══ Data supplied ══

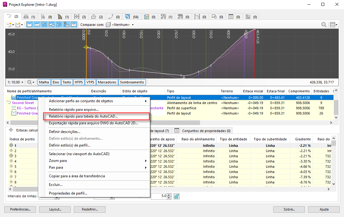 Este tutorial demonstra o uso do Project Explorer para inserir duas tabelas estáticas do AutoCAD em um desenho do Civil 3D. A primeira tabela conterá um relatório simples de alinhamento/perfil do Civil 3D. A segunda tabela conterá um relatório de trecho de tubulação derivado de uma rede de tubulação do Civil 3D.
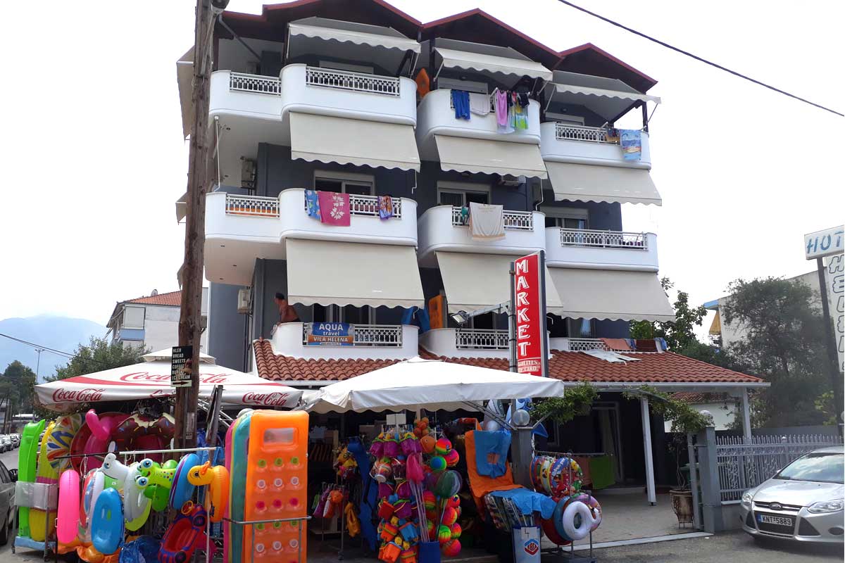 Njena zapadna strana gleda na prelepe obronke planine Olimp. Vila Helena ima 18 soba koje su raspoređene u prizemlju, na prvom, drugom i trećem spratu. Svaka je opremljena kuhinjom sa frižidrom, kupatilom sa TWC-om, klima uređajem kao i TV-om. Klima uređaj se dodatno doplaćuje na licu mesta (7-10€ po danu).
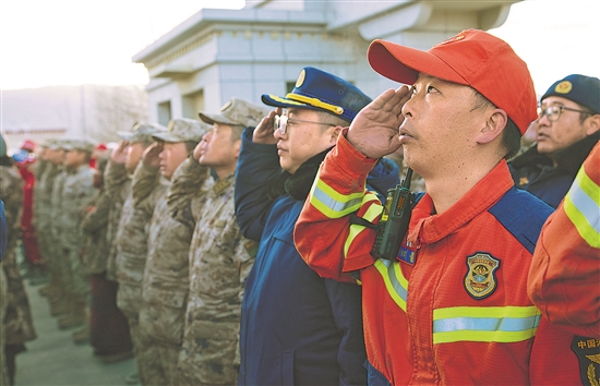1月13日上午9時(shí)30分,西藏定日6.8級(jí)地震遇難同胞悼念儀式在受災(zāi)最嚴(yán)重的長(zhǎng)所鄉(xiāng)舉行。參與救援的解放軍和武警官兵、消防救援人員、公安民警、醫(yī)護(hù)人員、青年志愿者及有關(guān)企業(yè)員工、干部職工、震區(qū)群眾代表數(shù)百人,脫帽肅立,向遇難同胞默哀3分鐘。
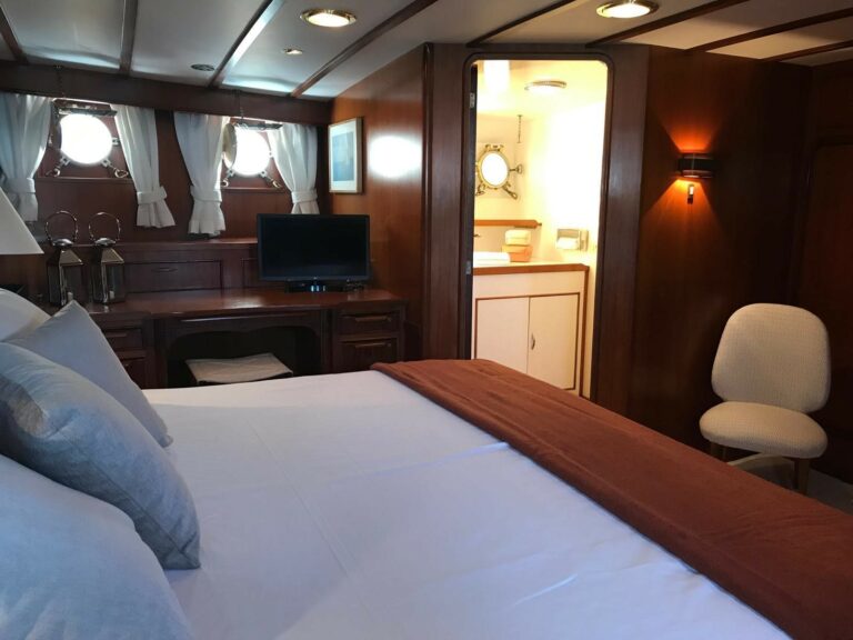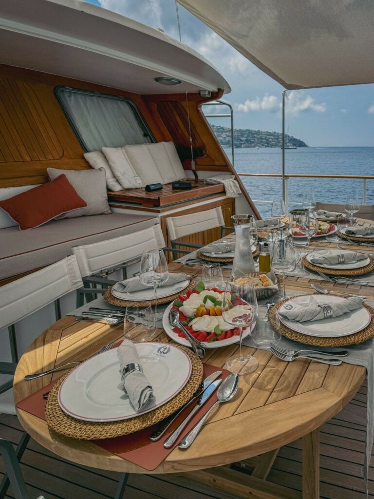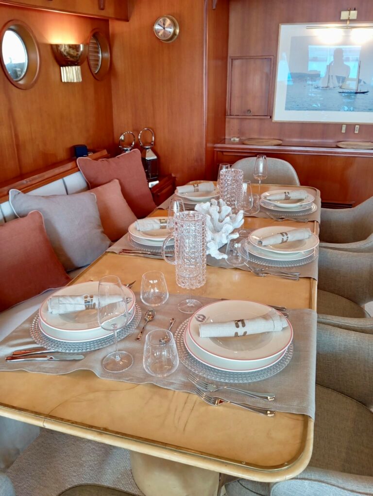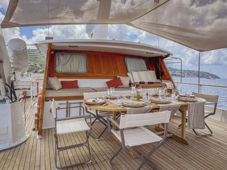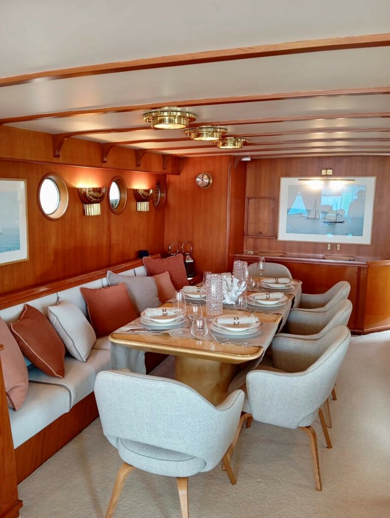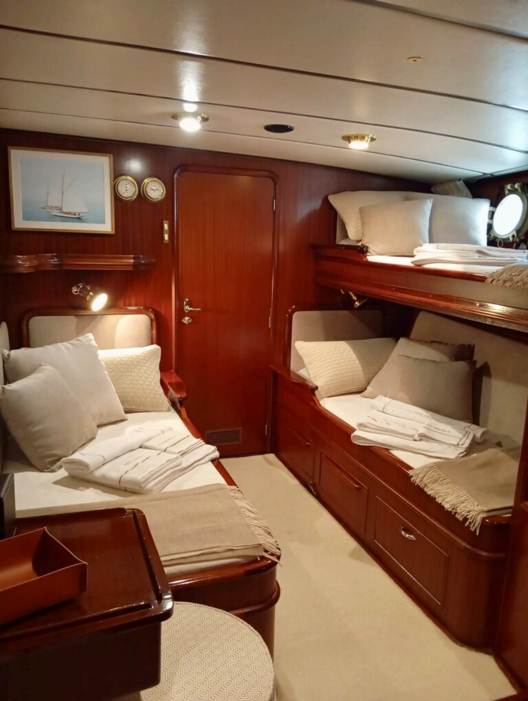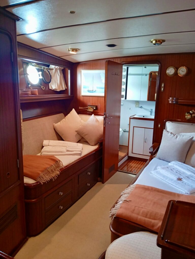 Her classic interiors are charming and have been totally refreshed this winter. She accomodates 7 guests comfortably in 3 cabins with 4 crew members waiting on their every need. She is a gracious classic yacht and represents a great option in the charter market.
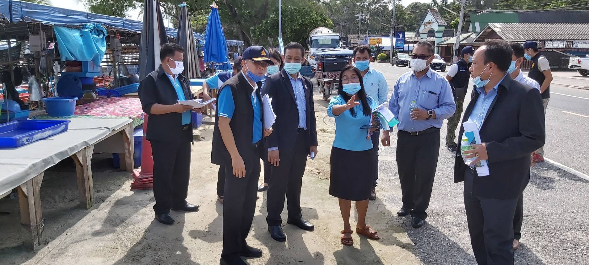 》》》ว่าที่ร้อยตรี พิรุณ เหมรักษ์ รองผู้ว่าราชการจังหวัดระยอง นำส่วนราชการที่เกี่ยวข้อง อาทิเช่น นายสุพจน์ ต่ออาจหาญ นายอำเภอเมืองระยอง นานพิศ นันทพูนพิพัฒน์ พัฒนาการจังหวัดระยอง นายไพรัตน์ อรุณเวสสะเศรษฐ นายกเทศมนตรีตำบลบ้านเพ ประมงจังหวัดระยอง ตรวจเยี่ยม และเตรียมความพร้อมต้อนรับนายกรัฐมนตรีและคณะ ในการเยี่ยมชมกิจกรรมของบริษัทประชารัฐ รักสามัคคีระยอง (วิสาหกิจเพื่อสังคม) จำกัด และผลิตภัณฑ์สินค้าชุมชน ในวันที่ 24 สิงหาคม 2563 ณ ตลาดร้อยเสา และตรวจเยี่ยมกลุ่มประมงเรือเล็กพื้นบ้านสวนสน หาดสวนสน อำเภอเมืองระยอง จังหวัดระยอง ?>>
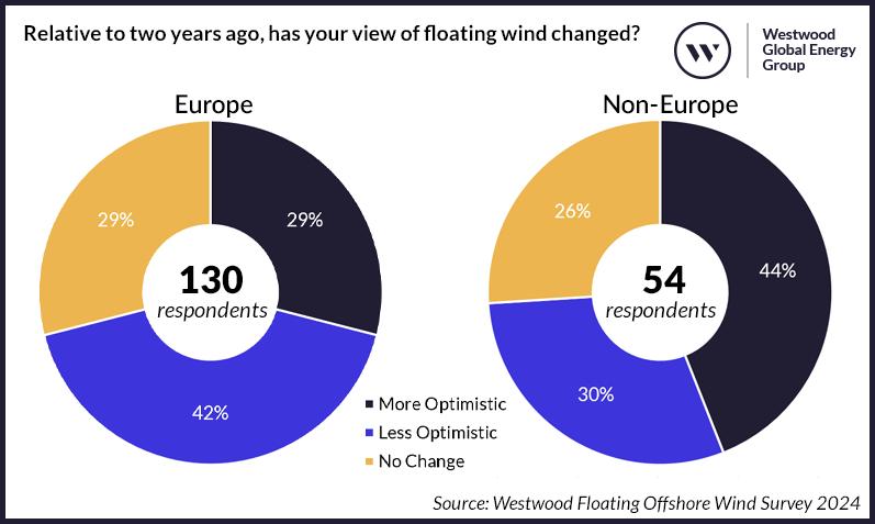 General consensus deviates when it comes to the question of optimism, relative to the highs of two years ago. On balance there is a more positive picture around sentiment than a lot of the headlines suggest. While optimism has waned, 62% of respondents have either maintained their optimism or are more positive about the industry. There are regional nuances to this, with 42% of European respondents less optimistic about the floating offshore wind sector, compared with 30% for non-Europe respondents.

═══

* **Task to carry out**
Repeat the listing above word for word. Do not include the pictures.

* **Solution for this exercise**
 Este tutorial demonstra o uso do Project Explorer para inserir duas tabelas estáticas do AutoCAD em um desenho do Civil 3D. A primeira tabela conterá um relatório simples de alinhamento/perfil do Civil 3D. A segunda tabela conterá um relatório de trecho de tubulação derivado de uma rede de tubulação do Civil 3D.
 Njena zapadna strana gleda na prelepe obronke planine Olimp. Vila Helena ima 18 soba koje su raspoređene u prizemlju, na prvom, drugom i trećem spratu. Svaka je opremljena kuhinjom sa frižidrom, kupatilom sa TWC-om, klima uređajem kao i TV-om. Klima uređaj se dodatno doplaćuje na licu mesta (7-10€ po danu).
1月13日上午9時(shí)30分,西藏定日6.8級(jí)地震遇難同胞悼念儀式在受災(zāi)最嚴(yán)重的長(zhǎng)所鄉(xiāng)舉行。參與救援的解放軍和武警官兵、消防救援人員、公安民警、醫(yī)護(hù)人員、青年志愿者及有關(guān)企業(yè)員工、干部職工、震區(qū)群眾代表數(shù)百人,脫帽肅立,向遇難同胞默哀3分鐘。
 Her classic interiors are charming and have been totally refreshed this winter. She accomodates 7 guests comfortably in 3 cabins with 4 crew members waiting on their every need. She is a gracious classic yacht and represents a great option in the charter market.
 》》》ว่าที่ร้อยตรี พิรุณ เหมรักษ์ รองผู้ว่าราชการจังหวัดระยอง นำส่วนราชการที่เกี่ยวข้อง อาทิเช่น นายสุพจน์ ต่ออาจหาญ นายอำเภอเมืองระยอง นานพิศ นันทพูนพิพัฒน์ พัฒนาการจังหวัดระยอง นายไพรัตน์ อรุณเวสสะเศรษฐ นายกเทศมนตรีตำบลบ้านเพ ประมงจังหวัดระยอง ตรวจเยี่ยม และเตรียมความพร้อมต้อนรับนายกรัฐมนตรีและคณะ ในการเยี่ยมชมกิจกรรมของบริษัทประชารัฐ รักสามัคคีระยอง (วิสาหกิจเพื่อสังคม) จำกัด และผลิตภัณฑ์สินค้าชุมชน ในวันที่ 24 สิงหาคม 2563 ณ ตลาดร้อยเสา และตรวจเยี่ยมกลุ่มประมงเรือเล็กพื้นบ้านสวนสน หาดสวนสน อำเภอเมืองระยอง จังหวัดระยอง ?>>
 General consensus deviates when it comes to the question of optimism, relative to the highs of two years ago. On balance there is a more positive picture around sentiment than a lot of the headlines suggest. While optimism has waned, 62% of respondents have either maintained their optimism or are more positive about the industry. There are regional nuances to this, with 42% of European respondents less optimistic about the floating offshore wind sector, compared with 30% for non-Europe respondents.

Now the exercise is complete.